The server elected as the leader is a cluster system that records a server that does not respond to the keepalive and has not received the stop notification as a non-response node.

A method of operating a server that operates as a leader in a cluster system that includes multiple servers.
The step of sending keepalives to other servers included in the cluster system,
The step of receiving the response to the keepalive from the other server,
And recording the monitoring result indicating whether or not received the response to the node state recording unit,
The step of receiving the node stop notification from the other server, and
A method of operating a server having a step of recording a server that does not respond to the keepalive and has not received the stop notification as a non-response node.
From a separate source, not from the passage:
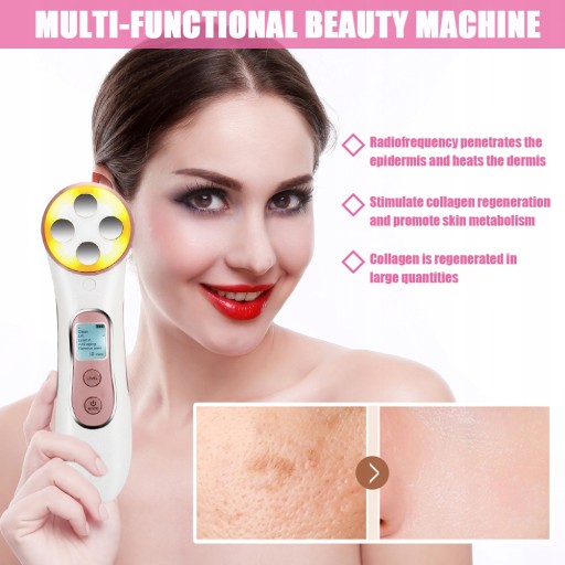 1. Funkcje 5 w 1: głębokie czyszczenie, podnoszenie, wprowadzanie, przeciwdziałanie starzeniu, usuwanie trądziku. Zastosuj RF, EMS, wibracje akustyczne i światło LED, dbaj o skórę twarzy.
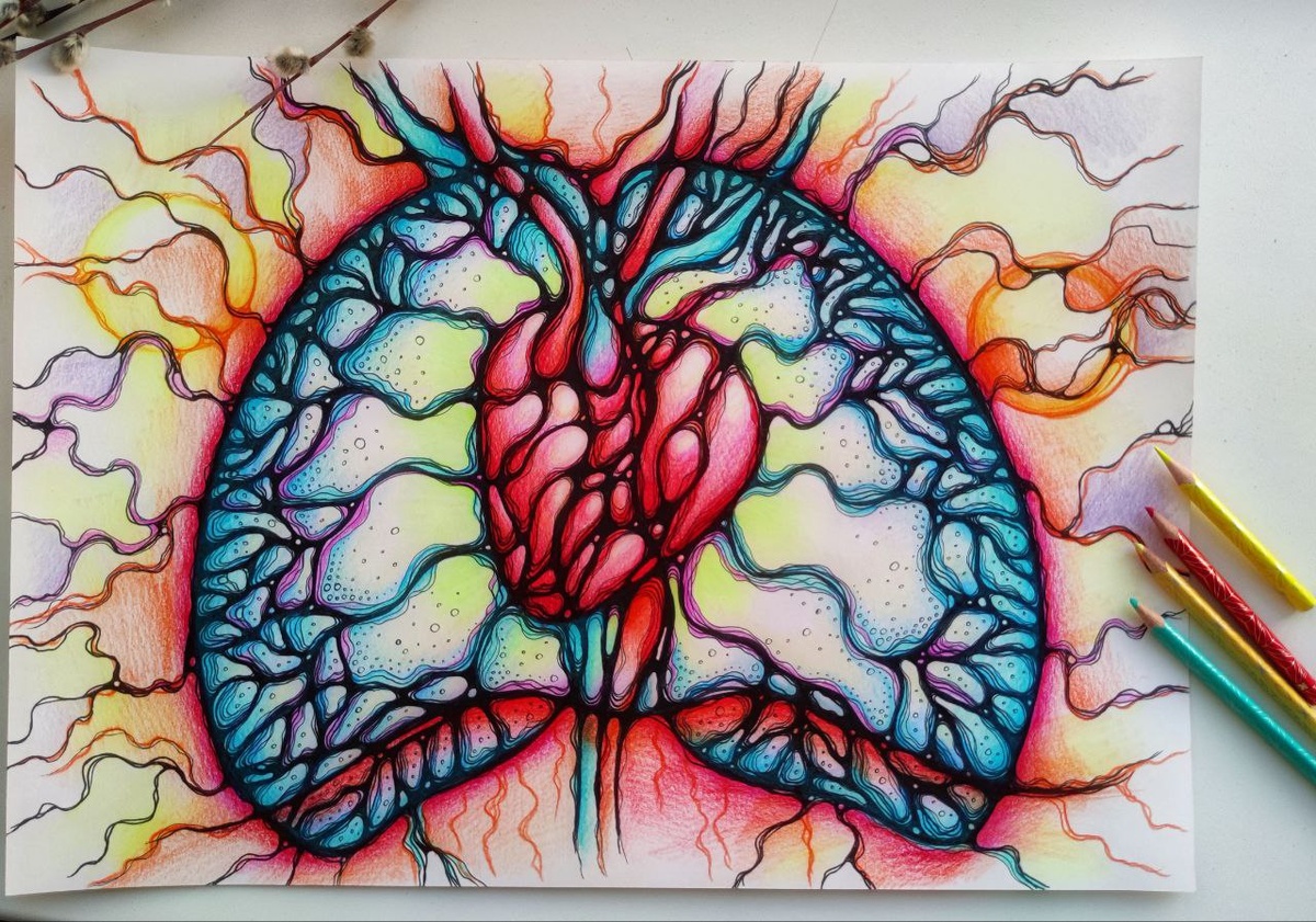 Tatiana: "Добрый вечер,дорогие коллеги ❤️ Сегодня рисовала практику из курса Нейротело - Лёгкие и сердце

For a server that acts as a leader in a cluster system that includes multiple servers
The step of sending keepalives to other servers included in the cluster system,
The step of receiving the response to the keepalive from the other server,
And recording the monitoring result indicating whether or not received the response to the node state recording unit,
The step of receiving the node stop notification from the other server, and
A program for executing a step of recording a server that does not respond to the keepalive and has not received the stop notification as a non-response node.